**Data supplied**

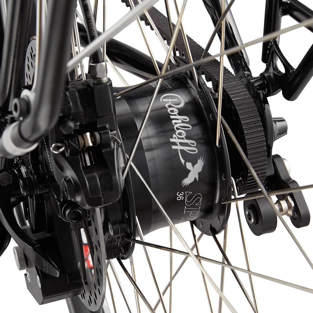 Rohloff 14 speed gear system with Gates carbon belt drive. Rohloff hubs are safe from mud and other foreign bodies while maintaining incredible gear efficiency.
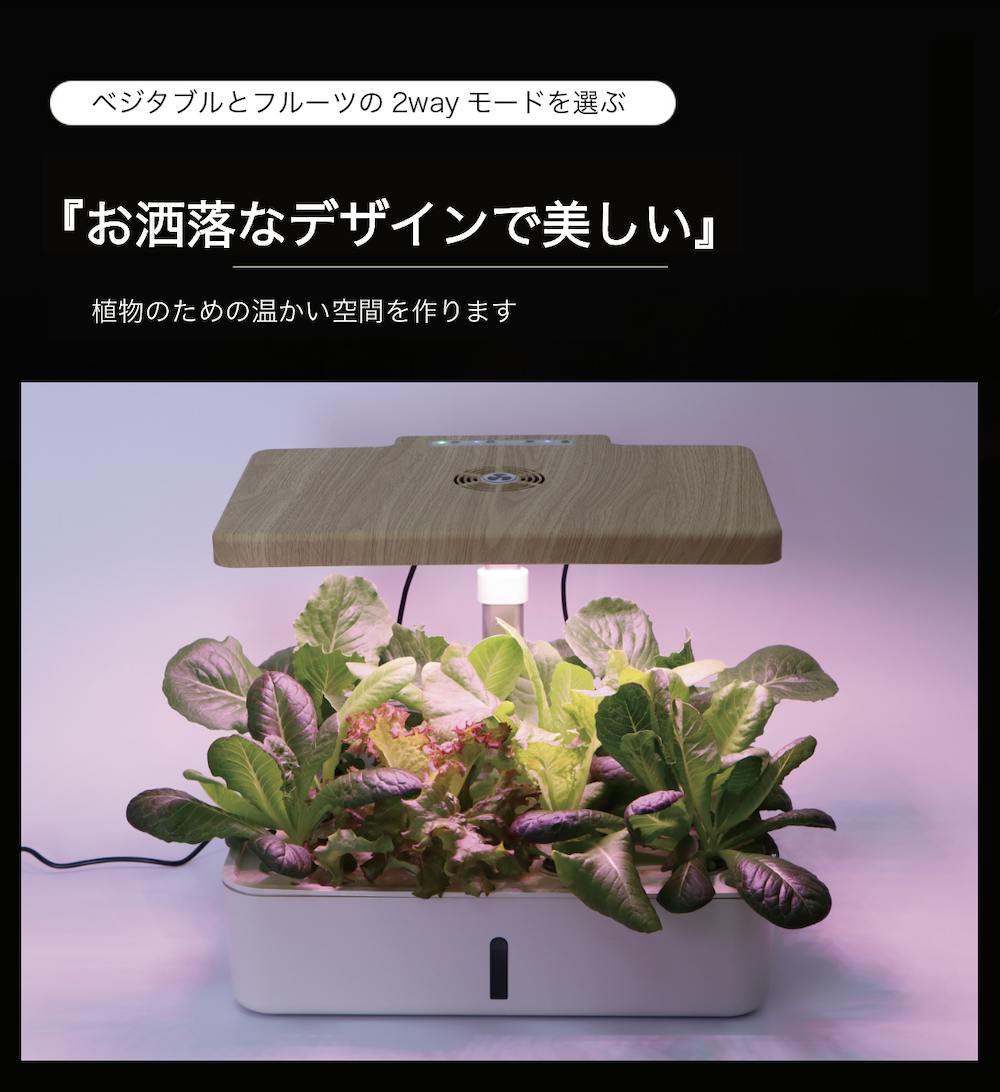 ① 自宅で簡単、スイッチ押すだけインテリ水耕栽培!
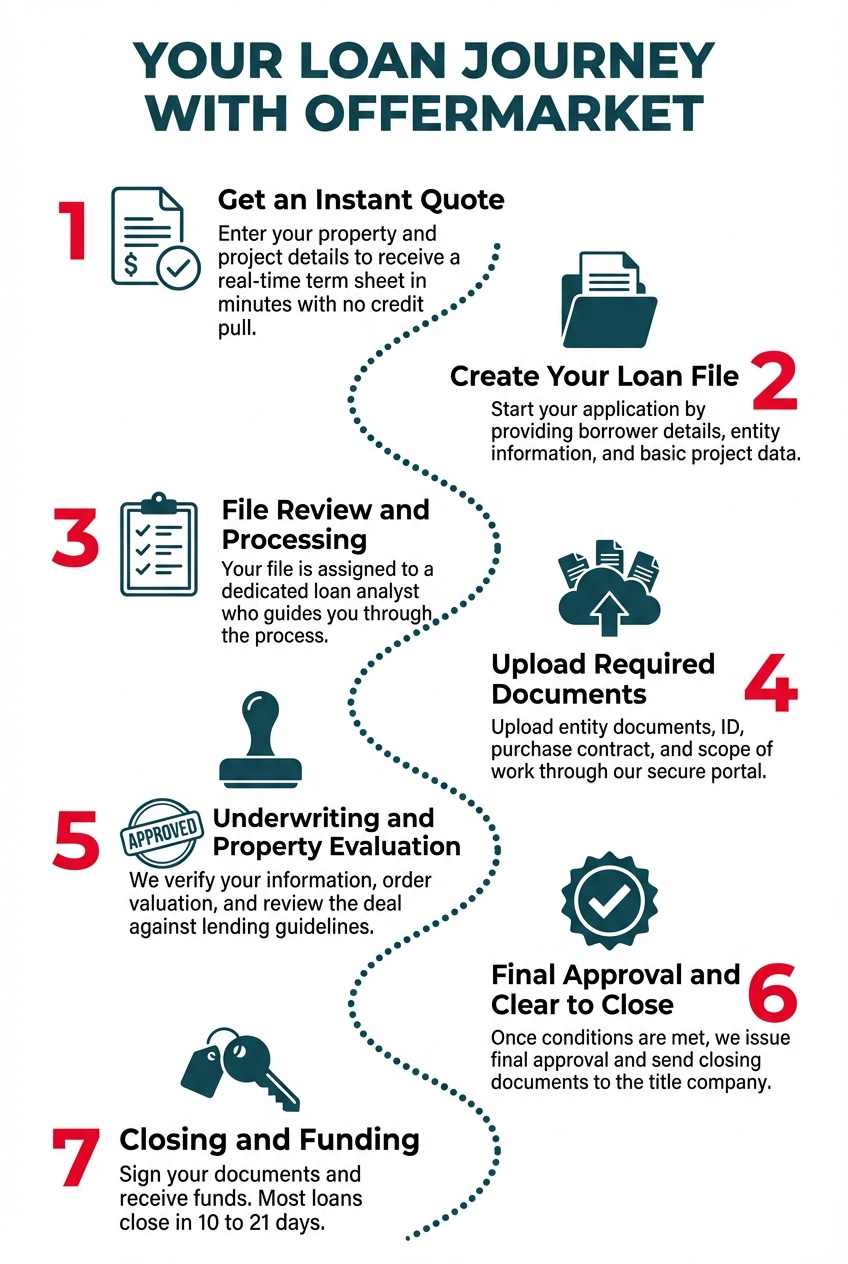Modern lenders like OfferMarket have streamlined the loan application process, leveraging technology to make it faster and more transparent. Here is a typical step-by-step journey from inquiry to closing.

--

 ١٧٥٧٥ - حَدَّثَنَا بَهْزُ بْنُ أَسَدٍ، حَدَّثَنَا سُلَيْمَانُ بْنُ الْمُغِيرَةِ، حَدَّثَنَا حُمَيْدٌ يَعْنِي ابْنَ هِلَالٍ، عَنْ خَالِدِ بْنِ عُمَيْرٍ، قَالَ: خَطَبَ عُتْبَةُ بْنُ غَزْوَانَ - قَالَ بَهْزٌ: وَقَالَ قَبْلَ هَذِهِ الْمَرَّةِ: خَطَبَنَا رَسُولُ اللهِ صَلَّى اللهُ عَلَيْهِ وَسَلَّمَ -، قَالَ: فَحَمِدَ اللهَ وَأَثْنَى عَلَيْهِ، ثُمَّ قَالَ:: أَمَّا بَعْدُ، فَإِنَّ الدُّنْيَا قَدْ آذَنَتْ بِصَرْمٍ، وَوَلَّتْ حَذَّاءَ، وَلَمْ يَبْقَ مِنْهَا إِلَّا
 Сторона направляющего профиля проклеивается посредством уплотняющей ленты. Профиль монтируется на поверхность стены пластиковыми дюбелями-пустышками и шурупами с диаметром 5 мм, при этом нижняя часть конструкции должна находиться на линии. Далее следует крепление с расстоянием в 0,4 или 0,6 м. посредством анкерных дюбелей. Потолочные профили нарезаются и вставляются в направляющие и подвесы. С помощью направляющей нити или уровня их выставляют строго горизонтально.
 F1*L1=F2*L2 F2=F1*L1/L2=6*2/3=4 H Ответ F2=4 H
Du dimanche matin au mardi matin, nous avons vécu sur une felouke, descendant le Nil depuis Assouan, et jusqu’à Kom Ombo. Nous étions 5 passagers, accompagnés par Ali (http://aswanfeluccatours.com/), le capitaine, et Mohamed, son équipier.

**Goal of the exercise**
Because only one stretch of the records is wanted, please output the lines from the one holding "Rohloff 14 speed" through the one holding "Modern lenders like" exactly, both included, and leave every picture out.

**Task solution**
 Rohloff 14 speed gear system with Gates carbon belt drive. Rohloff hubs are safe from mud and other foreign bodies while maintaining incredible gear efficiency.
 ① 自宅で簡単、スイッチ押すだけインテリ水耕栽培!
Modern lenders like OfferMarket have streamlined the loan application process, leveraging technology to make it faster and more transparent. Here is a typical step-by-step journey from inquiry to closing.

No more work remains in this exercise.